DNAT is actual Network Address Translation. If you want packets destinated outside of the local system to have the destination altered, it's the better choice of the two, as REDIRECT will not work.

  • okay, so if I have a client sitting behind the proxy, say on 192.168.5.234, and I want to "process" its HTTP requests through the proxy on 192.168.5.1, you are suggesting that I should DNAT outbound port 80 traffic to 192.168.5.1:8080 on the proxy. I can buy that, but WHY???? Is it something to do with how the traffic is handled once it leaves the proxy's ETH0 on its way out through the default gateway to the Internet? I need to grok this or my head will explode – QWade Sep 8 '10 at 14:47
  • 2
    DNAT changes the address as the packet passes through the firewall so that it arrives at the desidered host, and on the reverse appears to have come from the firewall. DNAT almost never applies to outbound traffic, which is handled by the MASQUERADE rule. It the privproxy was on an another host, then DNAT would be appropriate, with an appropriate exception for that host. – BillThor Sep 8 '10 at 16:28
  • Bill, thank you. That is where my reptilian brain was going, but is it always nice to have validation. So if I send a packet destined for google.com from 192.168.5.234 and it has its default gw set as 192.168.5.1 (eth1 on the proxy), I should "REDIRECT" that packet to port 8080 on the proxy and let privoxy do the rest. The reason for this is because privoxy lives on 192.168.5.1 and not on another host. Am I smoking something I shouldn't? – QWade Sep 8 '10 at 16:52
8

REDIRECT does alter the destination IP address to send to the machine itself as answered by Warner@. But I'd say that answer is not totally correct, or a bit misleading.

REDIRECT is not just for redirecting local packets.
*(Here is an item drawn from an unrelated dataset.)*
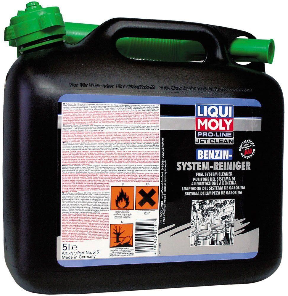 Liqui Moly Benzin-System-Intensiv-Reiniger - очисна рідина для паливних систем за допомогою апарату JetClean Plus. Знижує зміст З і СН у вихлопі. Рідина пройшла випробування на відповідність міжнародним нормам CEC. Усуває проблеми при холодному запуску двигуна, нерівномірність холостого ходу, падіння потужності та прийомистості, втрату плавності ходу, високий вміст токсичних речовин у вихлопі. Піднімає компресію за рахунок раскоксовки кілець і очищення фасок клапанів. Не впливає на гумові ущільнення і шланги.

It is really DNAT in which the destination IP address to use is implicit, 127.0.0.1 if it is a local packet or the machine interface's IP address otherwise, 192.168.5.1 in the case of the OP.
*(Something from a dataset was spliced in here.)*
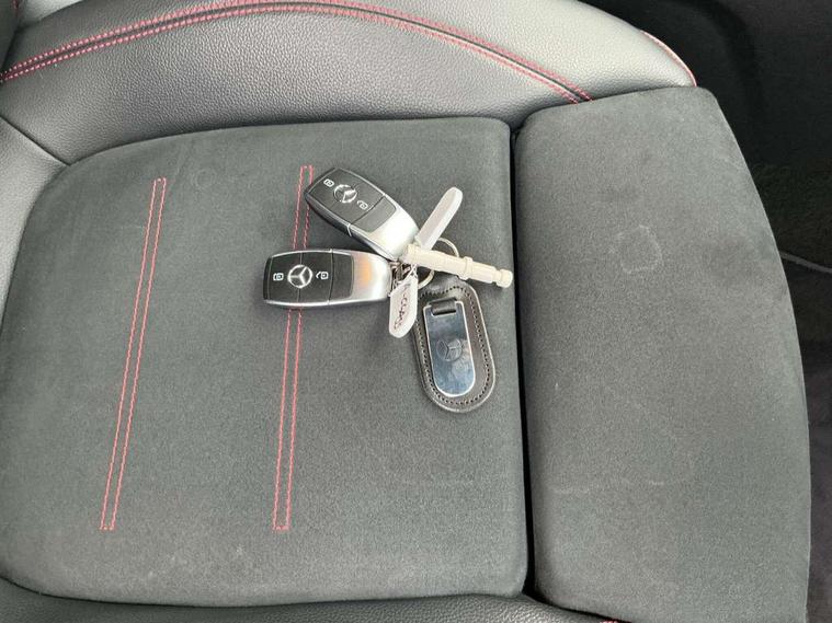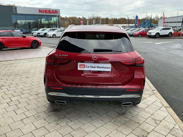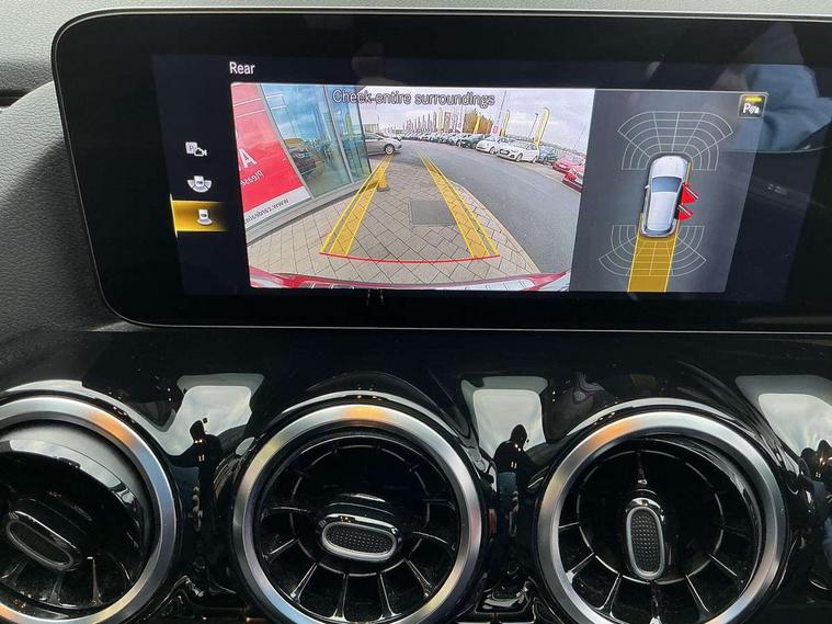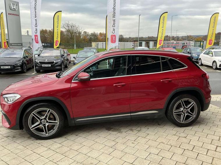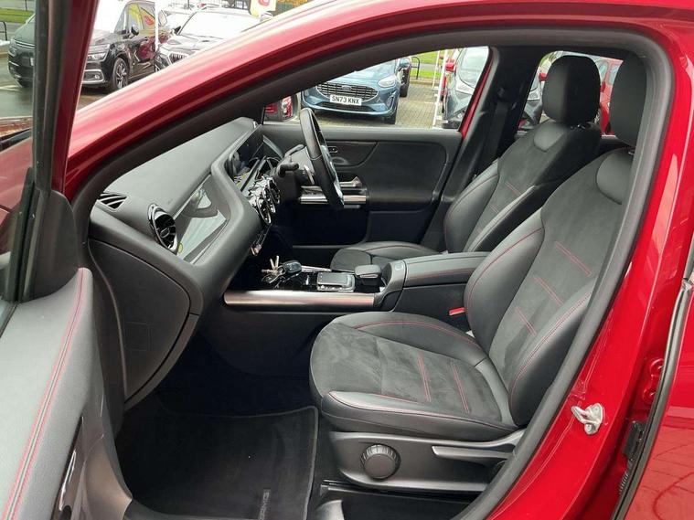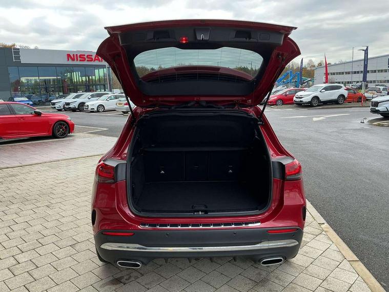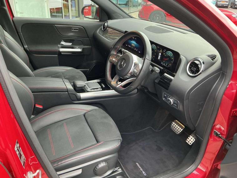 10.25 inch touchscreen central media display, 10.25" Digital instrument cluster display screen, Active lane keeping assist, Attention assist, Cruise control + speed limiter, Direct steering, DYNAMIC SELECT with a choice of driving modes (ECO, Comfort, Sport and Individual), ECO start/stop function, Fluid level warning indicator for fuel, oil, coolant and washer fluid, Hard-disk navigation, Hey Mercedes Voice activation, Lamp failure indicator, Mercedes me connect including emergency call system, accident recovery, breakdown and maintenance management, Mercedes me remote services, Multi function trip computer, Outside temperature gauge, Owners manual and service booklet in English, Pre-installation of private car share, Radio aerial integrated into front and rear windshields, Service indicator (ASSYST), Smartphone integration with Apple CarPlay and Android auto, Speed limit assist, Status display for rear seat belts in instrument cluster, Lowered comfort suspension, Rear axle multi-link, 2 USB ports (type C) in rear stowage compartment and one in front of center console, Bluetooth connectivity including audio streaming, DAB Digital radio, MBUX multimedia system, Media interface, Mercedes-Benz sound system - 100W, Adaptive brake lights, Aerial for GPS, Aluminium roof rails, AMG front and rear apron, AMG specific/dual flow exhaust pipes in chrome (non-functional), Automatic headlamp activation, Beltline strips and weather strip in chrome, Black grained claddings with chrome parts, Body colour bumpers, Body colour door handles, Body colour door mirrors, Car wash function, Dark privacy glass from B-pillar backwards, Electric front windows, Electric rear windows, Electrically adjustable and heated door mirrors with integrated LED indicators, Front bumper with underride guard in high gloss chrome, Heated glass rear windscreen + timer control, Heated windscreen wash system, Interior mirror with black reading lamps and frameless, LED high performance headlamps with integrated LED daytime running lights, LED tail lights in two piece design, LED third brake light, Matt titanium grey front and rear apron trim, Rain sensor windscreen wipers, Rear fog lights, Rear side wing doors, Rear wiper, Roof spoiler, Single lamella raditor grille with chrome dotted diamond grille and inlay, 12V power socket in centre console, 3 seat bench in 2nd row, 3 spoke multifunction sports steering wheel in nappa leather with flattened bottom and perforated grip area, 40:20:40 split folding rear seat backrests, Adjustable head restraints, Air conditioning - Two zone thermotronic luxury automatic climate control with display, Ambient lighting in front headrests, AMG floor mats in black with AMG lettering in front, Artico man-made leather/Microfibre Dinamica upholstery with red contrast stitching, Auto Mercedes-Benz child seat recognition sensor, Black roof lining, Brushed door pulls in silver chrome, Courtesy light in boot, Front centre armrest with stowage, Galvanished gear shift paddles on steering wheel, Heated front seats, illuminated door sills with changeable cover, Illuminated glovebox, Interior lighting - 64 colour Ambient lighting, Leather trimmed gearknob, Luggage net on driver/front passenger seat backrest, Manually height and reach adjustable steering column, Multi-gesture touchpad control on center console, Single front passenger seat, Sports pedals in brushed stainless steel with black rubber studs, Sports seats, Stowage compartment in centre console, Stowage compartment with retractable cover, Sunvisors with illuminated vanity mirrors, Twin front cup holders, Two outer rear seat isofix and top tether child seat fixing points, AMG body styling pack - GLA, Comfort seat pack - GLA Class, Interior lighting with light and sight pack - GLA, Load compartment pack - GLA, Mirror pack - GLA Class, Parking pack - GLA, 3 rear 3 point seatbelts, ABS with Brake Assist, Active bonnet pedestrain safety measure which detects an impact and raises bonnet by 65mm, Active brake assist includes forward collision warning system with autonomous braking, Adaptive brake assist with hold function and hill start assist, Bonnet with power domes, Brake pad wear warning indicator, Childproof locks manually operated for rear doors and electrically operated for rear power windows, Crash responsive emergency lighting, Driver and passenger head and side airbags, Drivers knee airbag, Dual stage driver/passenger airbags, Electronic parking brake, ESP curve dynamic assist, ESP with ASR, Front and rear seatbelt reminder, Front brake callipers with Mercedes Benz logo lettering on front, Front brake discs internally ventilated and perforated, Front passenger seat occupancy sensor, Sports braking system, Tyre pressure monitoring system, Warning triangle and first aid kit, Window airbags, Alarm system with immobiliser and interior protection -Thatcham category 1, Keyless Go starting function, Remote central locking and crash sensor with emergency opening function, Urban guard vehicle protection, Vehicle key with decorative surround in chrome, Carbon structure trim, Chrome air vent surrounds, 19" AMG 5 twin spoke light alloy wheels painted in high gloss black with high sheen finish, Summer tyres, Tirefit tyre sealant kit,

So in this question, no matter what the final destination, the packets should first reach the proxy, so REDIRECT is perfectly suited.

Since with REDIRECT you don't need to specify the IP address, it will just take the right one, it has some advantages over DNAT:

  • If the machine's IP address changes for any reason you don't need to modify your rules, and in particular DNAT will not work for DHCP-controlled interfaces.

  • You can write and maintain the same rules for several systems (several proxy instances for example) without keeping different slightly versions because of the specific IP addresses.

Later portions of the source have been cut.